What could they have done better? The question is an insult to ask now. It should have been asked decades ago. They abandoned the barest pretense of being a party of the left in the 1990s, spooked by the ghost of Ronald Reagan, and the crows have been coming home to roost ever since. Socialists have been scolded for what seems like ages about the wisdom of incrementalism and the foolishness of making big promises and enacting ‘unrealistic’ proposals like free health care or a higher marginal tax rate. Meanwhile, the Republicans have thrown a hand grenade down the gullet of the economy, and the political consequences to them will be zero. Why not embrace Reagan? Why not chase mythical questing beasts like the middle-class suburban centrist Republican?
This crippling inability to understand opposition comes from the fact that Democratic politicians will not suffer from what the GOP is doing. The class war is not one in which they or their children will be casualties. The minute they made money the driver of their party, they lost the ability to look at money as a political problem. The fantasy of bipartisanship is not a fantasy to them because they share class solidarity over anything else. They are preparing for a world where they must hide in grand castles surrounded by private armies to save them from the wrath of the people they have destroyed. The least we can do is make those preparations worthwhile. Make them afraid. Make them know their enemies are real. Make them believe that they are doing this for a reason, not a letter at the end of a name.

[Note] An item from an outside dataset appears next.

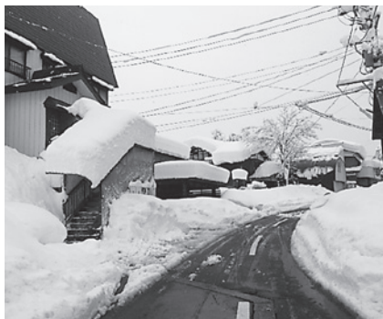
12月15日 十日町市内 地震のことを考えると屋根の雪はあまり積もらせておきたくないですね…。

「大雪お見舞い申し上げます」 十二月初旬から大雪に見舞われ、皆さまには心よりお見舞い申し上げます。緊急修理に夜間にも回らせて頂いております。 少しでも早く安心して頂けるよう社員全力で対応させて頂いておりますので、宜しくお願いします。 「この安心感は灯油代に 変えられないよ(笑)」 先日ある高齢女性一人暮らしのお客様にお会いしました。 融雪の状況を聞くと、自動から手動運転に切り替え、ポイラー温度を上げてこの大雪を対処していました。 「融雪があつて助かるよ、この安心感は灯油代には代えられないね(笑)」と笑顔で話してくれました。 まだ冬は続きます、皆で元気に乗り越えましょう。

Back in the ’70s and ’80s, Marvel and DC played a game where they would cattily refer to one another as if they were literally unspeakable. It was all just for show; these were businesses engaging in a sporting bit of fun, knowing that their competition was just an abstraction in front of numbers, and that they would trade personnel at the drop of a paycheck. It wasn’t real. So, too, is our political struggle not real — or, rather, it’s only real on one side. Until the Democrats are made to suffer the consequences of their failure to oppose the Republicans; until they abandon the pretense of ‘bipartisanship’ in favor of viewing the GOP as a real enemy, the way the rest of us do; until they learn what power means and what to do with it — they are nothing but the Distinguished Competition, churning out the same product with different names and different costumes, but meant to accomplish the same thing.